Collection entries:
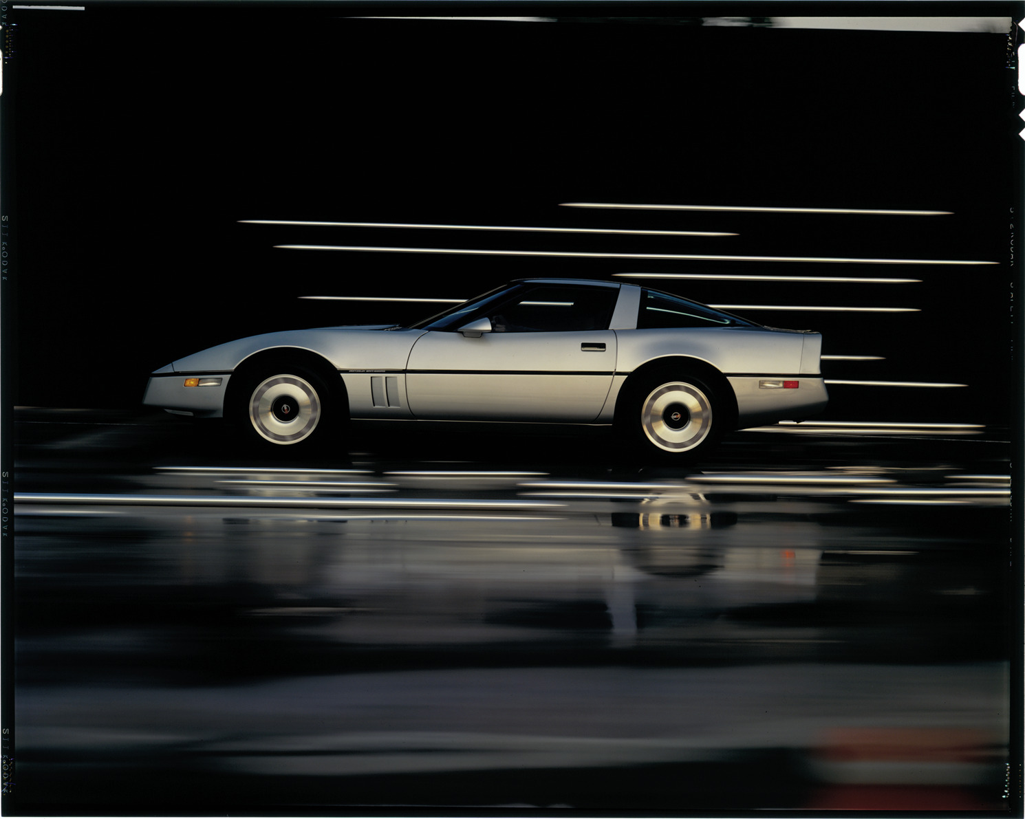 View of a man driving a Chevrolet Corvette coupe. Label on sleeve: "General Motors, Chevrolet Corvette, 1984-85."
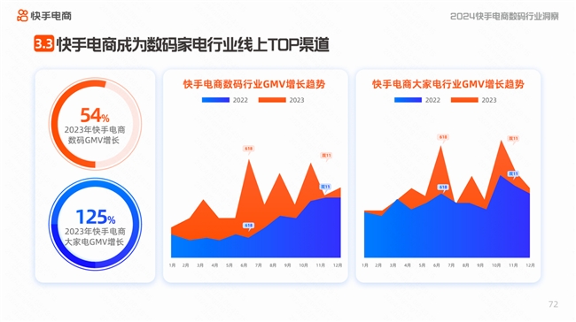 2023年,快手電商數(shù)碼和大家電行業(yè)增長(zhǎng)迅速,其中,數(shù)碼行業(yè)GMV同比增長(zhǎng)超54%,大家電行業(yè)GMV同比增長(zhǎng)125%,連續(xù)三年實(shí)現(xiàn)100%增長(zhǎng)。2024年快手電商消電家居行業(yè)將以用戶為中心,建立優(yōu)價(jià)好物消費(fèi)者心智,升級(jí)全域經(jīng)營(yíng)策略,積極引入更多優(yōu)質(zhì)品牌和品類,不斷豐富供給。
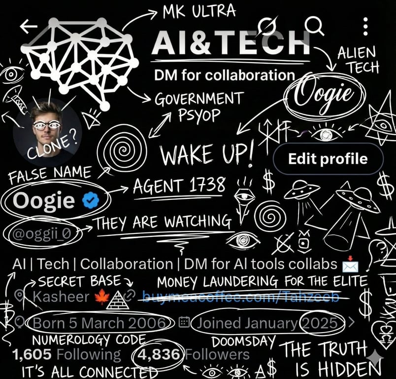 A short, destructive prompt instructing the AI to overlay an existing image (referenced by the tweet) with 'insane schizophrenic conspiracy scribbles, white ink, doodles, remarks, comments.'
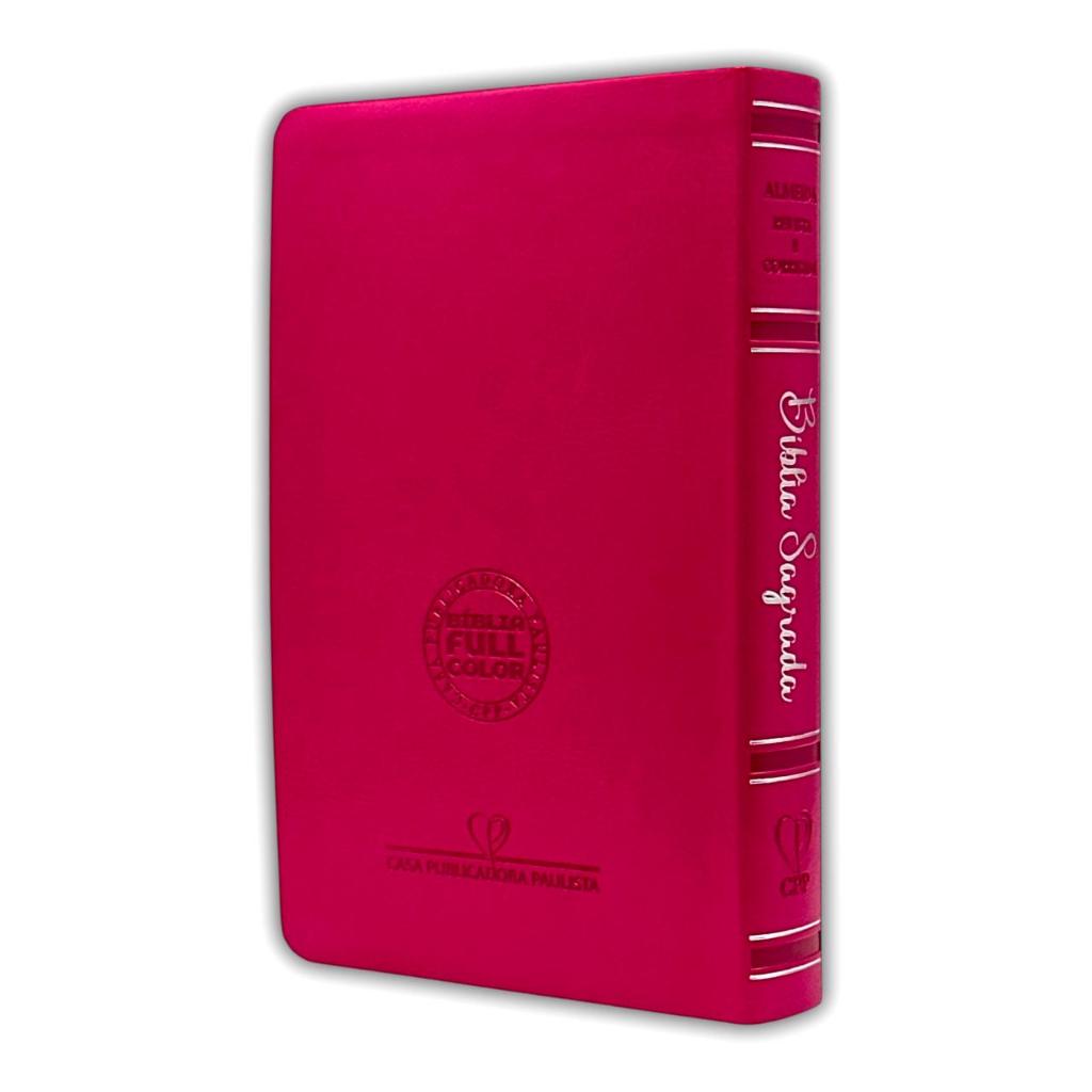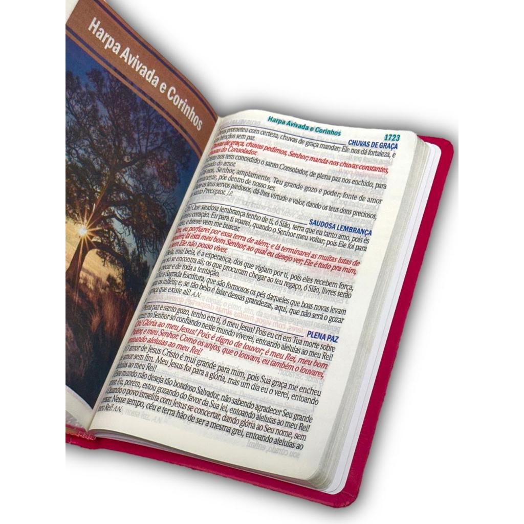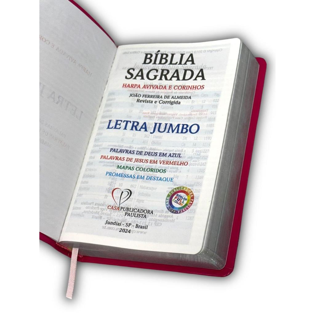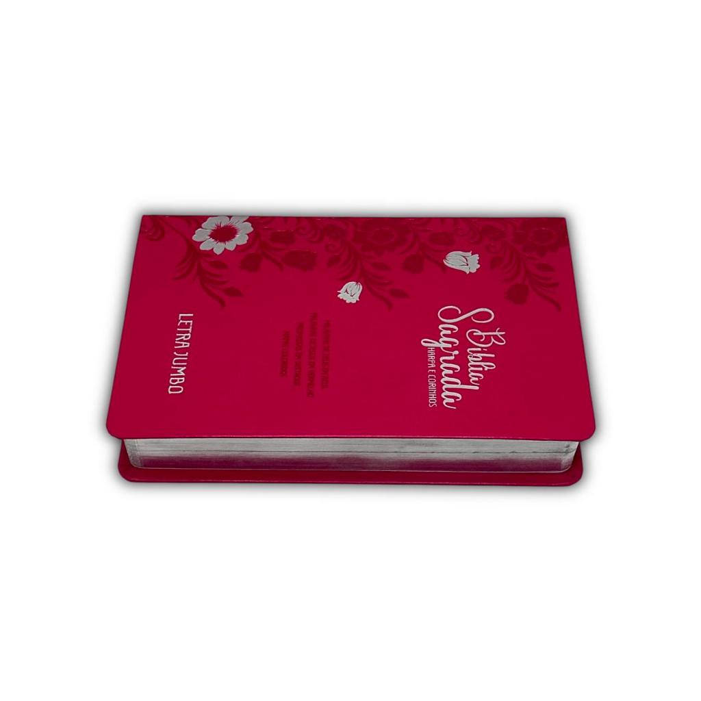 Bíblia Evangélica Linguagem Arc Letra Jumbo Grande Capa Mole Flexível Floral Pink Com Harpa Feminina
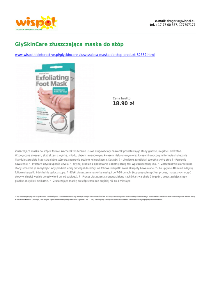e-mail: [email protected] tel. : 17 77 00 557, 177707177 GlySkinCare złuszczająca maska do stóp www.wispol.tiointeractive.pl/glyskincare-zluszczajaca-maska-do-stop-produkt-32532.html Cena brutto: 18.90 zł Złuszczająca maska do stóp w formie skarpetek skutecznie usuwa zrogowaciały naskórek pozostawiając stopy gładkie, miękkie i delikatne. Wzbogacona aloesem, ekstraktem z ogórka, miodu, olejem lawendowym, kwasem hialuronowym oraz kwasami owocowymi formuła skutecznie likwiduje zgrubiałą i szorstką skórę stóp oraz poprawia poziom jej nawilżenia. Korzyści ? - Likwiduje zgrubiałą i szorstką skórę stóp ? - Poprawia nawilżenie ? - Prosta w użyciu Sposób użycia ? - Wyjmij produkt z opakowania i odetnij brzeg folii wg zaznaczonej linii. ? - Załóż foliowe skarpetki na stopy szczelnie je zamykając. Aby produkt lepiej przylegał do skóry, na foliowe skarpetki załóż skarpety bawełniane. ? - Po upływie 40 minut zdejmij foliowe skarpetki i dokładnie opłucz stopy. ? - Efekt złuszczania naskórka nastąpi po 7-10 dniach. (Aby przyspieszyć ten proces, możesz wymoczyć stopy w ciepłej wodzie po upływie 4 dni od zabiegu). ? - Proces złuszczania zrogowaciałego naskórka trwa około 2 tygodni, pozostawiając stopy gładkie, miękkie i delikatne. ? - Złuszczającą maskę do stóp stosuj nie częściej niż co 3 miesiące. *Ceny obowiązują wyłącznie przy składaniu zamówień przez sklep internetowy. Ceny w sklepach mogą nieznacznie różnić się od cen prezentowanych na stronach sklepu internetowego. Przedstawiona oferta w sklepie internetowym nie stanowi oferty w rozumieniu Kodeksu Cywilnego, i jest jedynie zaproszeniem do rozpoczęcia rokowań (zgodnie z art. 71 k.c.). Zastrzegamy sobie prawo do niezrealizowania zamówień z ważnych przyczyn ekonomicznych.
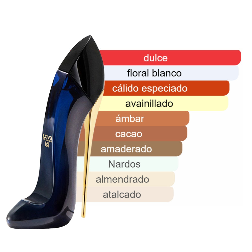 LOVE COLLECTION N° 126: Inspirado en Good Girl de Carolina Herrera, este perfume Ámbar Floral celebra la dualidad femenina con notas adictivas de café y almendra que dan paso a un corazón opulento de nardo y jazmín. Su lado más enigmático se revela en un fondo de cacao y haba tonka, convirtiéndolo en un arma de seducción poderosa y sofisticada, diseñada especialmente para la noche y las ocasiones especiales.
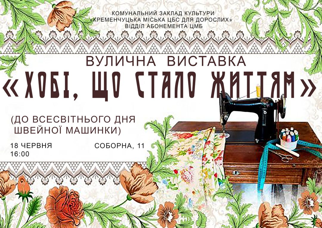 Тож запрошуємо о 16.00 на вуличну виставку «Хобі, що стало життям» на якій ви познайомитеся з книгами з крою та шиття, викройками цікавих модних фасонів одягу, матеріалами про діяльність та життя відомих дизайнерів. Зустрінетеся з майстринями, які розкриють для вас нюанси та секрети шиття як для новачків, так і для тих, хто вже не перший день освоює це мистецтво. На нашій виставці знайдеться й ряд прикладів готових робіт, порад, рекомендацій та інших приємних сюрпризів.
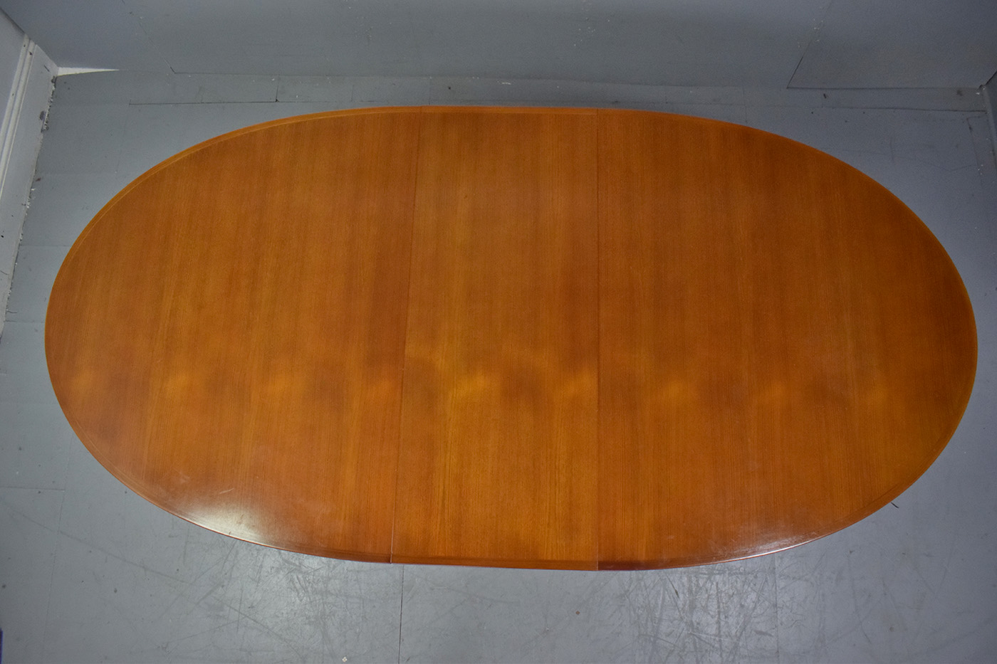 A beautifully shaped oval dining table which comfortably seats 6 before extending.
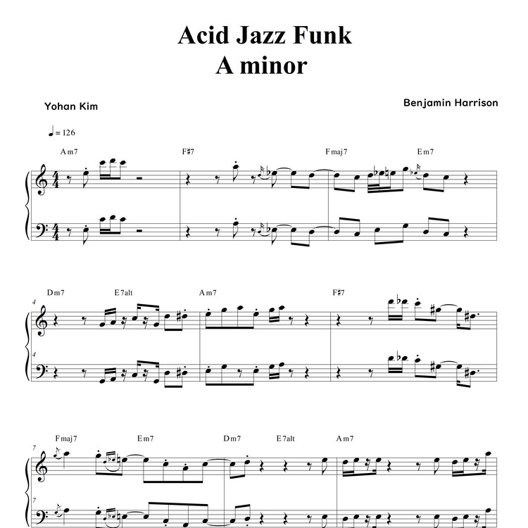 【楽譜概要】 Acid Jazz Funk in A minor (ピアノソロ楽譜) PDFファイル / A4 / 12ページ
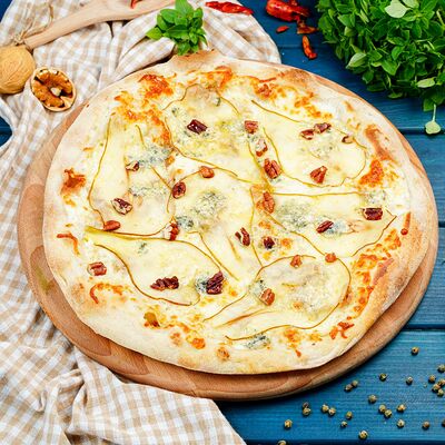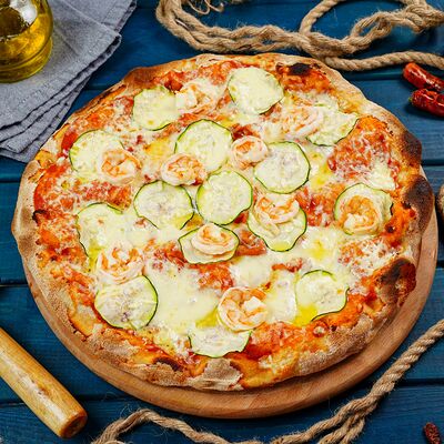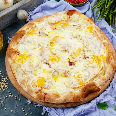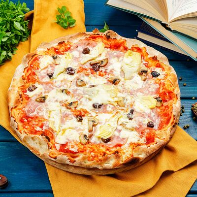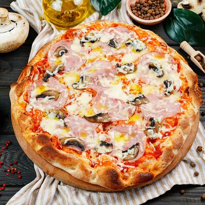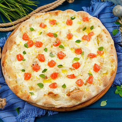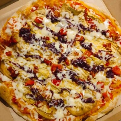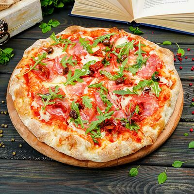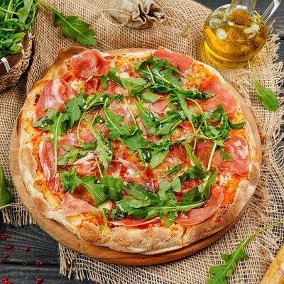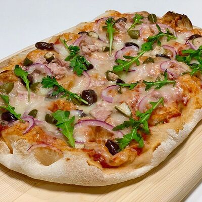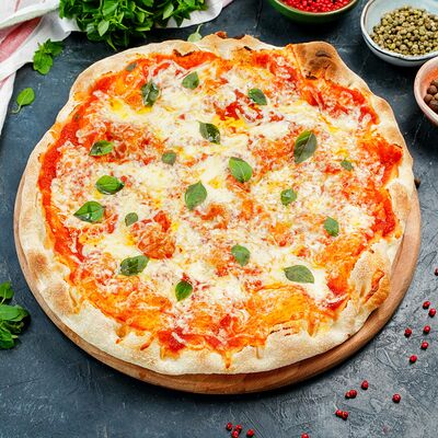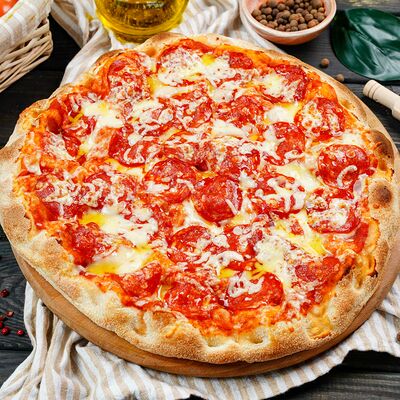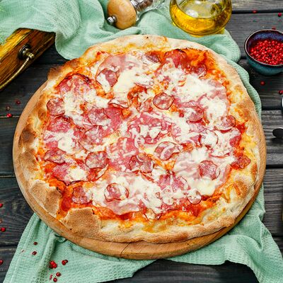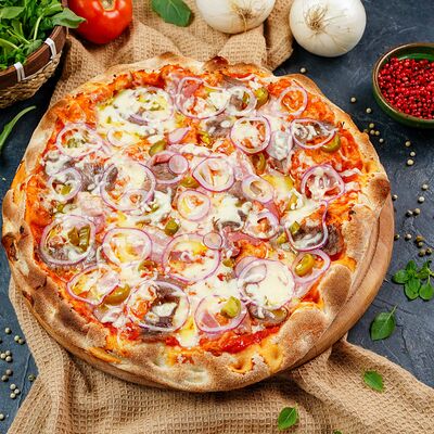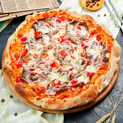 Корж из итальянской муки традиционной прямоугольной формы, соус помодоро, печеная паприка, запеченная 100% говядина, красный лук, сыр моцарелла (30×20 см)

- _PROBLEM DESCRIPTION_
The lines from the start of the records above through the line that holds "Bíblia Evangélica Linguagem" are to be copied exactly, both ends included, and no pictures are to be copied.

- _FINISHED TASK_
 View of a man driving a Chevrolet Corvette coupe. Label on sleeve: "General Motors, Chevrolet Corvette, 1984-85."
 2023年,快手電商數(shù)碼和大家電行業(yè)增長(zhǎng)迅速,其中,數(shù)碼行業(yè)GMV同比增長(zhǎng)超54%,大家電行業(yè)GMV同比增長(zhǎng)125%,連續(xù)三年實(shí)現(xiàn)100%增長(zhǎng)。2024年快手電商消電家居行業(yè)將以用戶為中心,建立優(yōu)價(jià)好物消費(fèi)者心智,升級(jí)全域經(jīng)營(yíng)策略,積極引入更多優(yōu)質(zhì)品牌和品類,不斷豐富供給。
 A short, destructive prompt instructing the AI to overlay an existing image (referenced by the tweet) with 'insane schizophrenic conspiracy scribbles, white ink, doodles, remarks, comments.'
 Bíblia Evangélica Linguagem Arc Letra Jumbo Grande Capa Mole Flexível Floral Pink Com Harpa Feminina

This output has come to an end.